From a purely personal perspective – that is: of someone working freelance from home, alone but for the much-appreciated company but non-existent conversation of three psycho spaniels – I feel extremely grateful for the often unexpected but always stimulating interaction with my own online communities – such as they are.

I have finally been able to abandon an uncomfortable fortnightly evening of warm Pinot Grigio and bitching, masquerading as a book club and I am now able, via Shelfari.com, to discuss my own favourite books with intelligent readers around the world, who share not merely my postcode but my literary predilections

When I switch on my computer every morning, I remain enchanted (just about) to be able, via Facebook, to IM my teenage goddaughter who has just got back from school in Hong Kong or to see the very latest photographs my talented stepson Daniel Griffin has uploaded to Flickr.com from his current trip to India & Nepal.

Via Twitter, I am in touch with scores of other freelance translators around the world - all of whom are never less than generous with their tips, suggestions and even the occasional heads-up on a potential work opportunity.

Over the last 30 months, as I've struggled to find my way through the terrifying parallel universe that is the planet of geriatric care, I have been more grateful than ever for the opportunity to moan, whinge and even scream in cyber-space. And guess what? Amazingly – you usually get heard.

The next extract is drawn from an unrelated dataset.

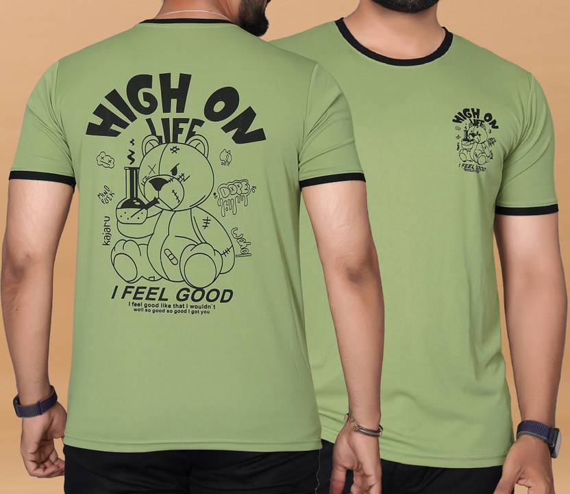 KAJARUĀ Men Printed Round Neck Polyester Green T-Shirt

Late one November night in 2006, possibly, after a glass of wine or two, I started to blog – more or less anonymously & very much elsewhere. I wrote about my much loved Father’s sudden & utterly unexpected descent into a rare, and not yet fully understood, form of dementia, about our frustrations at the tyrannies of the “pathways” & “protocols” of the health & social care systems, about our shock & distress when we discovered that so many of those with a duty of care to my father were actually exploiting and abusing his frailty, his confusion, his generosity and his trust.

Within minutes of pressing post, I had received a score of responses: from social care professionals, from more than one medic, from daughters who had been through a similar experience. Yet the majority came from casual readers, those who had taken a few minutes to read my posts and who felt moved enough to respond. If that is not a "community" - I'm not quite sure what is.